TASK:
Set down, word for word, the line with "커다란 접시에 오징어 볶음이 나왔는데 두세 명이 충분히 먹을 정도로 양이" and the lines after it through the final line of the data below, without pictures.

DATA TO USE:
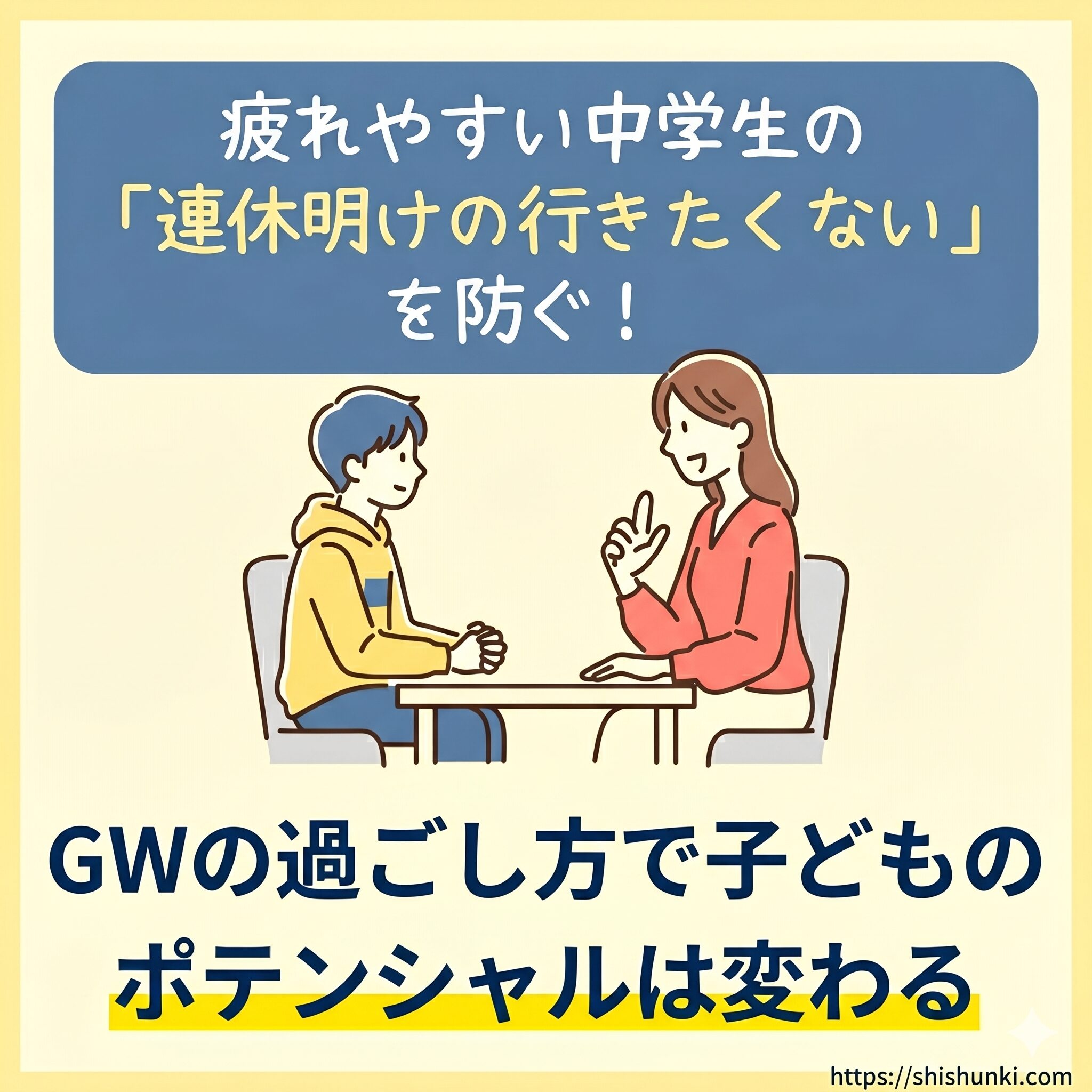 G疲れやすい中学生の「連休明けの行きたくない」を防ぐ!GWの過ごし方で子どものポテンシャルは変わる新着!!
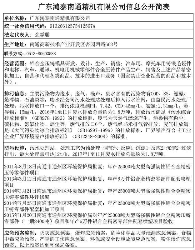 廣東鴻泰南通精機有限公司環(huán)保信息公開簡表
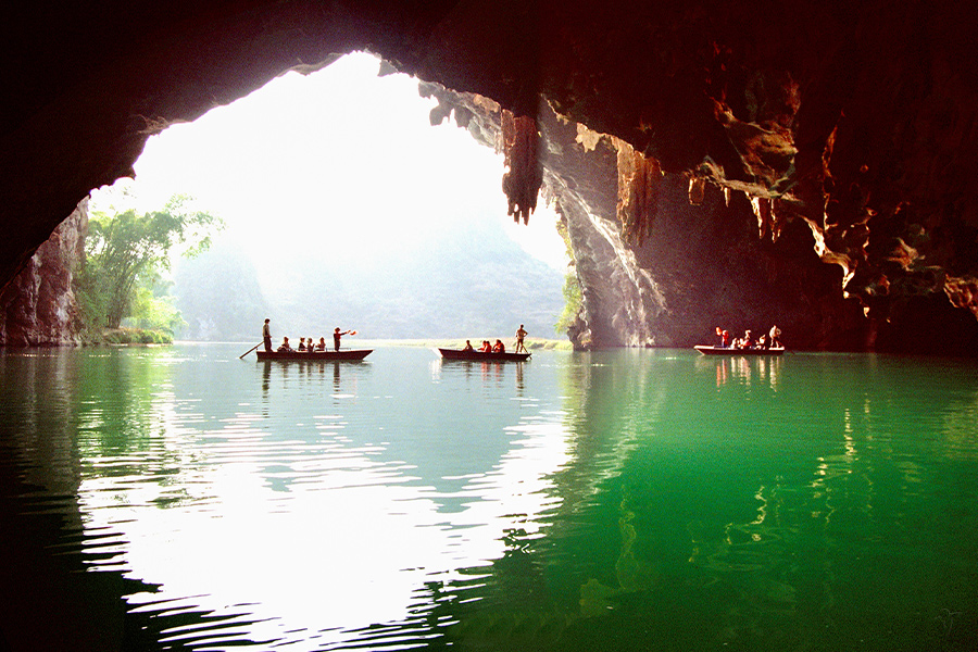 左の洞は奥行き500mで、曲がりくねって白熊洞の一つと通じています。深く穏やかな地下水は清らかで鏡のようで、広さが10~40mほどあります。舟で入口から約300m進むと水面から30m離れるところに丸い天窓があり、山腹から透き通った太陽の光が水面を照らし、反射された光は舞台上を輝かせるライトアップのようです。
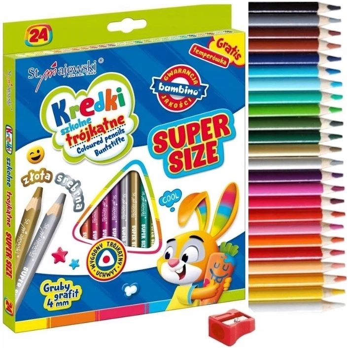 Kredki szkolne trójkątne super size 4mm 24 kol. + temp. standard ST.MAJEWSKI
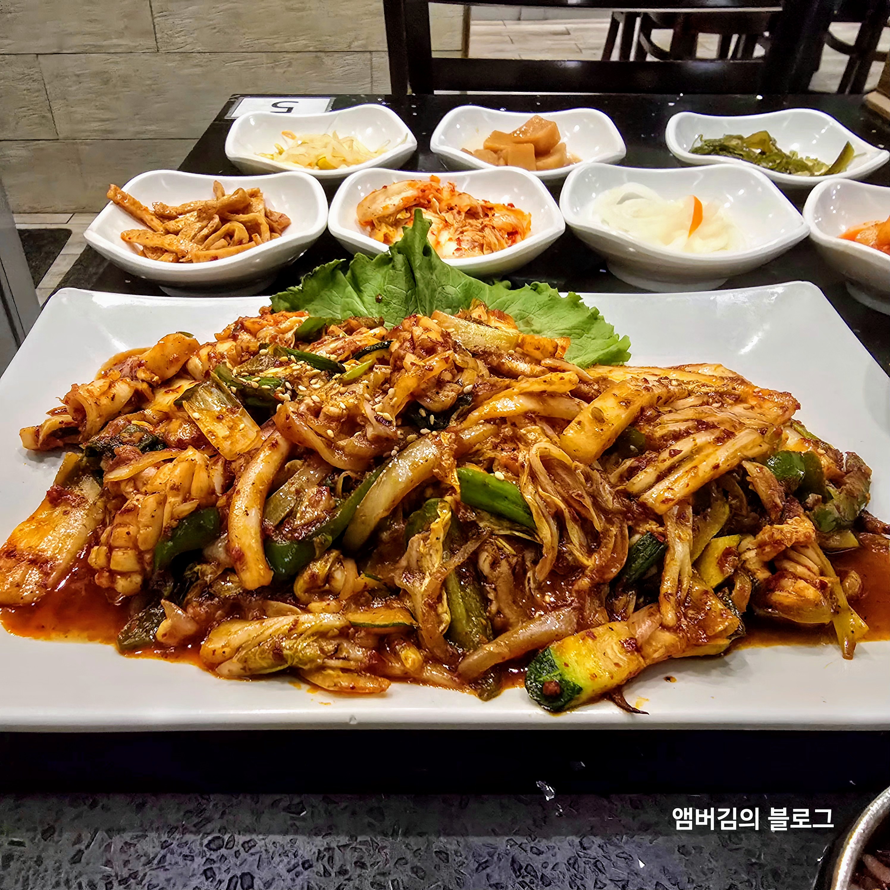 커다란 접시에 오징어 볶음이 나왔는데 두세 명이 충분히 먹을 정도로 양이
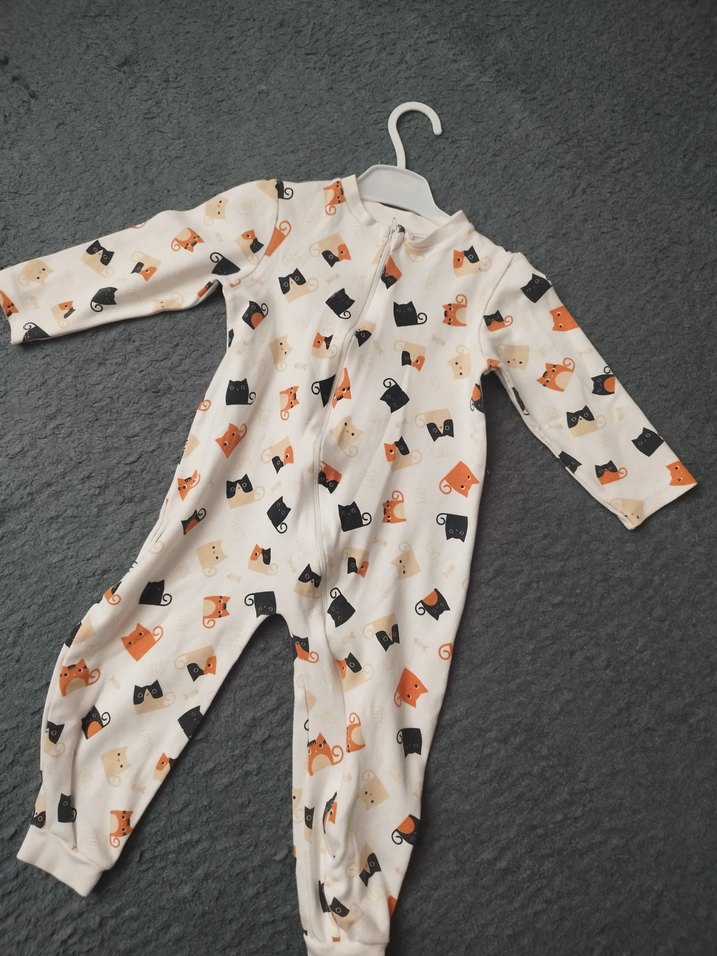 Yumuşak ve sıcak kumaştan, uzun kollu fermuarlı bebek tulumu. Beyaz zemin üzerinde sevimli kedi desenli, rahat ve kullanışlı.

RESULT FOR THIS EXERCISE:
 커다란 접시에 오징어 볶음이 나왔는데 두세 명이 충분히 먹을 정도로 양이
 Yumuşak ve sıcak kumaştan, uzun kollu fermuarlı bebek tulumu. Beyaz zemin üzerinde sevimli kedi desenli, rahat ve kullanışlı.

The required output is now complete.